Takes a password to check as first argument, and an arbitrary length
list of personal data (e.g.: user's ID, name, surname, city,
birthdate...) It first checks that the password in itself is good; if
it isn't, checks to see if there exists at least a segment of minimal
length that could be considered secure. It returns an
integer value, starting from 0, whose meaning is:

=over 4

=item '0'

password ok

=item 1

password too short

=item 2

password too long

=item 3

password must contain alphabetic characters, digits and
non-alphanumeric symbols; 

=item 4

not enough different symbols in password

=item 5

password matches itself after some rotations

=item 6

password matches personal information

=item 127

password too weak: security checks have failed on the
password and on all minimal length segments of it

=back

=head1 WHY WE FALL BACK TO MINIMAL LENGTH SUBPASSWORDS

If you establish that passwords should have a minimal length of 5
characters and a maximal length of 20, you should consider that your
system's security depends on password having at least a 5 character
long segment that can be considered secure. Since it was hard for me
to understand it at first, I'll explain this by example to make it
clear. 

So, let's suppose that we want passwords from 5 to 15 characters long,
with a psym factor of 2/3. The password C<1pas;> could be considered
secure (it has numbers, symbols and alphabetic characters, and each
character is unique). What about the password C<1pas;aaaaaaaaaa>? 
Well, it won't pass the test for repeated characters (it has 11 a's
for an overall length of 15); but you surely noticed that it is
exactly the previous password padded with a's to the maximum
length. Since the first password was considered secure, we can't
consider the second less secure than it, the same way we don't make
our car less secure if, besides the normal locks, we add a steering
wheel locker (in fact, it should be more secure).

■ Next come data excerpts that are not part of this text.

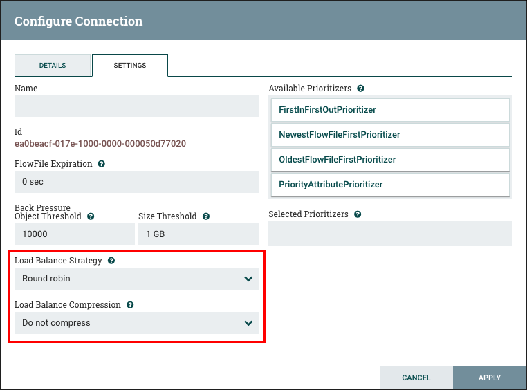 이때 가장 중요한 설정 값으로써 ListSFTP와 FetchSFTP를 연결해주는 Queue의 설정 값으로 "Load Balance Strategy" 값에 "Round robin"을 선택해줍니다.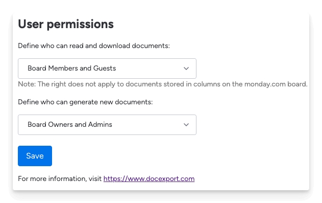 monday.com file columns are not part of the DocExport restriction. For example: if your item-level recipe saves a PDF to a file column and you want to restrict it to a specific user role, you need to restrict the column permissions via monday.com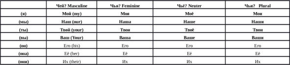 The gender of a noun determines the choice of a pronoun which it refers to, such as мой (masculine gender), моя (feminine gender), моё (neutral gender), мои (plural). For example, it is wrong to say: Это мой жена. The noun “жена” is of feminine gender, therefore, you must choose the pronoun “моя”. And then the correct answer is: Это моя жена.
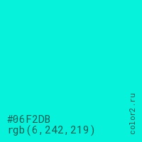 Цвет #06F2DB в цветовой модели RGB обозначается тремя октетами (6, 242, 219) в десятичном формате и #06F2DB в шестнадцатиричном (hex) формате, которые являются интенсивностью красного 6 (hex 06), интенсивность зелёного 242 (hex F2) и интенсивность синего 219 (hex DB).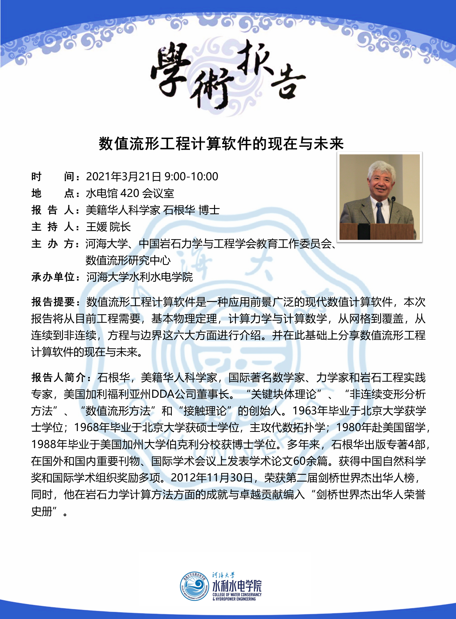 美籍华人科学家石根华博士学术报告:数值流形工程计算软件的现在与未来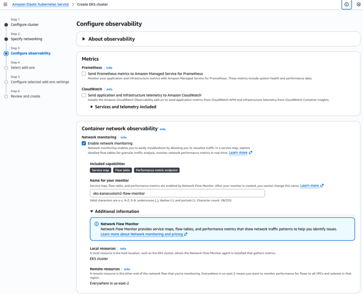 - Availability – Container Network Observability in EKS is available in all commercial AWS regions where Amazon CloudWatch Network Flow Monitor is available.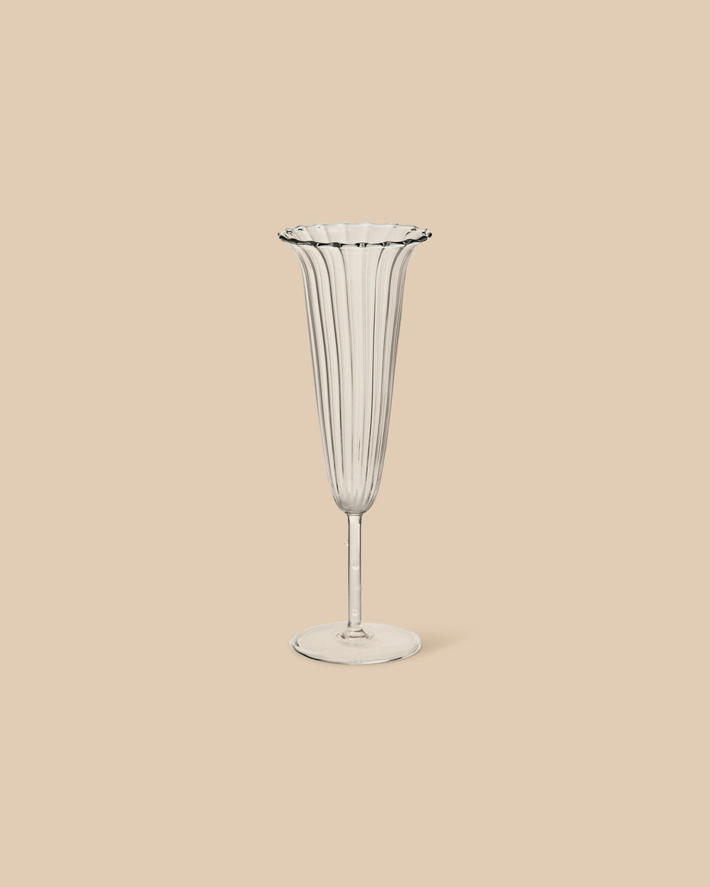 A part of the Bouquet Collection, the Angel Flute is crafted from borosilicate glass, offering a delicate yet durable construction. The sleek, flared shape and fluted design of the glass are inspired by the graceful petals of a flower, enhancing its elegance. Designed to hold sparkling beverages or light cocktails, its tall, refined form elevates the drinking experience while showcasing the beauty of hand-blown glass. Sold as a set of 4, these glasses effortlessly combine function and artistry, bringing a touch of floral-inspired elegance to any table setting.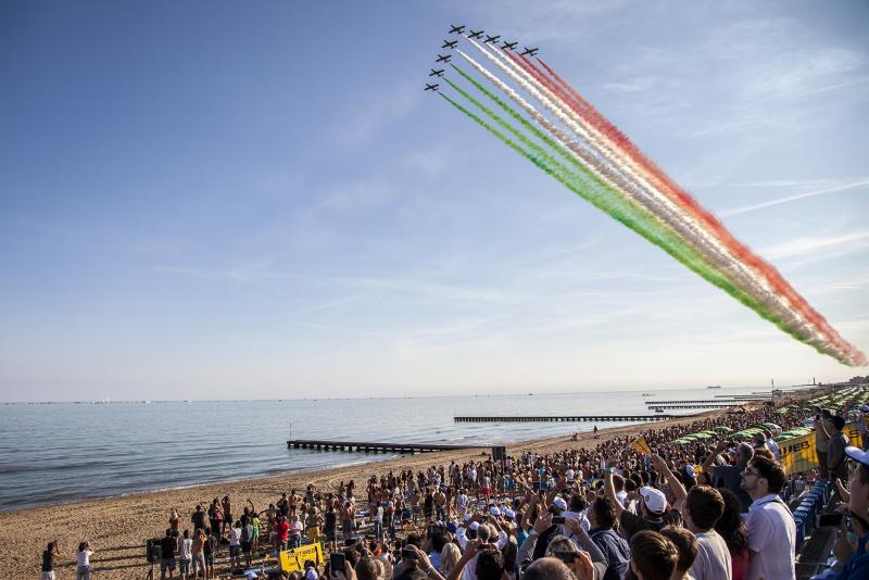 Frecce Tricolori: Die große Show mit Pfeilen tricolor ist jedes Jahr in Jesolo mit Stunts aller Art von der Kunstflugstaffel Nummer eins in der Welt.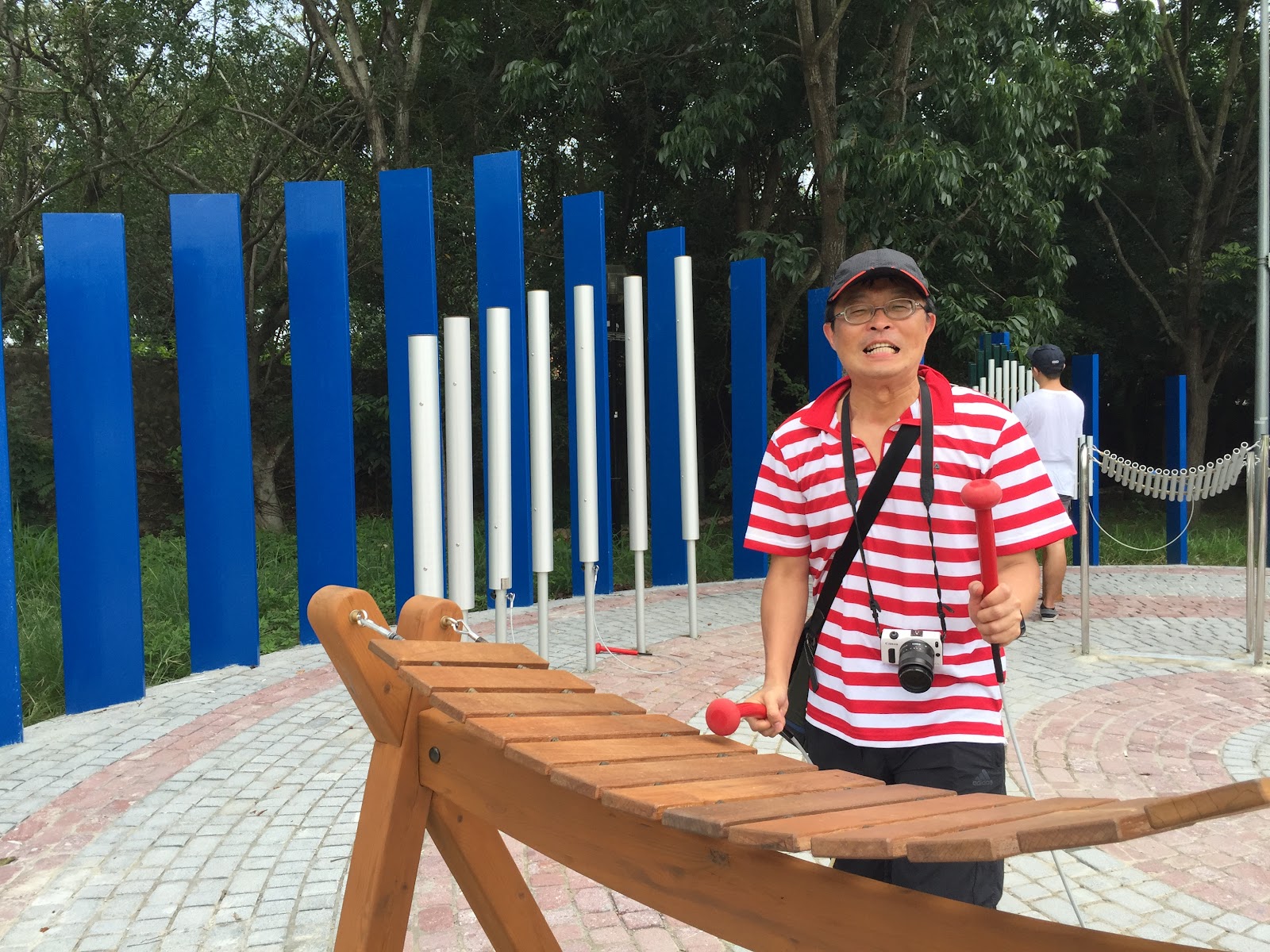 但地道有部分低矮狹窄,我愈走愈有窒息感,老公還說刺激,叫兒子以後帶妹來,如果妹害怕,此時男生就顯得強壯有擔當,什麼歪理?戶外音樂廣場有各式鐵琴、木琴、和鼓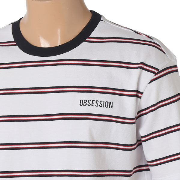 오버핏 자수 레터링 스트라이프 티셔츠입니다. 블랙컬러만 중앙 레터링 화이트, 스카이블루는 왼쪽가슴 레터링입니다. | |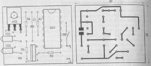 Принципиальная схема пульта дистанционного управления приведена на рис.1. Пульт включает в себя мультивибратор на элементах DD1.1-DD1.3, инвертор DD1.4, импульсный ключ на транзисторах VT1, VT2 и инфракрасные светоизлучающие диоды VD1, VD2. Регулировка частоты мультивибратора осуществляется подбором сопротивления резистора R1. Печатная плата пульта управления приведена на рис.2. Для питания пульта можно использовать батарею "Крона", что обеспечит длительное его использование.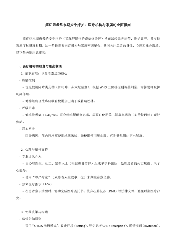 癌症患者周末及安宁疗护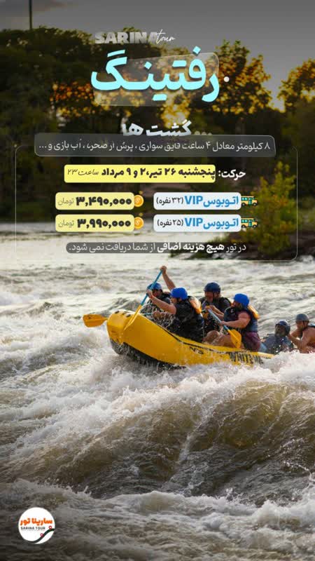 🚌اتوبوس vip مجهز 🍳 صبحانه سلف با چند آیتم سرد گرم 🍗نهار چلو جوجه با مخلفات 🍪۳ سری پذیرایی میان وعده 🍒پکمیوه 🍲آش دوغ ☕️پذیرایی چای و نسکافه 🧃پذیرایی ولکام در اتوبوس 🍉پذیرایی آش و میوه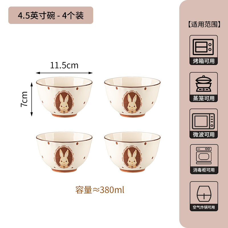 4.5-inch fluted rim bowl – milky white glaze, hepburn rabbit design – set of 4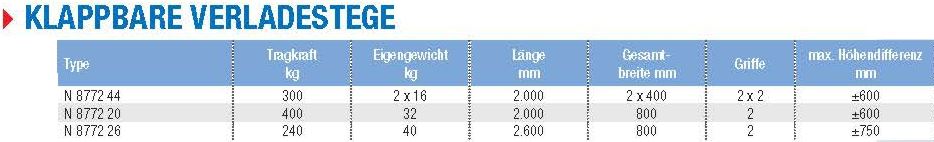Auch Fahrer, die keine hydraulische Ladebordwand am Fahrzeug besitzen, müssen bei der Auslieferung auf Verladehilfen nicht verzichten, denn die mobilen und klappbaren Verladestege mit Querrillenprofil sind die perfekten Fahrzeugbegleiter. Der Type N 8 772 26 ist serienmäßig mit zwei Vollgummirädern und zwei handfreundlichen Kunststoffgriffen ausgestattet. Auch für den Type N 8 772 20 empfehlen wir die optionalen Räder Zusatz Type 1067 zum ergonomischen Transportieren der Verladehilfen.

Therefore, if the full length password can be considered secure,
that's good. If it's not, but a minimal length segment is, that
segment is good, and the rest of the password is added noise, which
makes it more secure and not easier to guess.

=head1 TO DO

=over 4

=item *

Implement more advanced techniques with Quantum::Superpositions, as
suggested by larsen <http://perlmonks.org/index.pl?node=larsen>

=back

=head1 SEE ALSO

The book I<Essential System Administration>, by Aeleen Frisch, printed
by O'Reilly and Associates;

The PerlMonks web site, L<http://www.perlmonks.org/>, where the ideas
behind this module have been largely discussed.

Many people among the Italian Perl Mongers, which you can find on IRC
on the channel #nordest.pm on slashnet

=head1 AUTHOR

Marco Marongiu, E<lt>bronto@cpan.orgE<gt>

=head1 COPYRIGHT AND LICENSE

Copyright 2003 by Marco Marongiu

This program is free software; you can redistribute it
and/or modify it under the terms of the GNU General
Public License as published by the Free Software
Foundation; either version 2 of the License, or (at
your option) any later version.

This program is distributed in the hope that it will be
useful, but WITHOUT ANY WARRANTY; without even the
implied warranty of MERCHANTABILITY or FITNESS FOR A
PARTICULAR PURPOSE.  See the GNU General Public License
for more details.

You should have received a copy of the GNU General
Public License along with this program; if not, write
to the Free Software Foundation, Inc., 59 Temple Place
- Suite 330, Boston, MA 02111-1307, USA.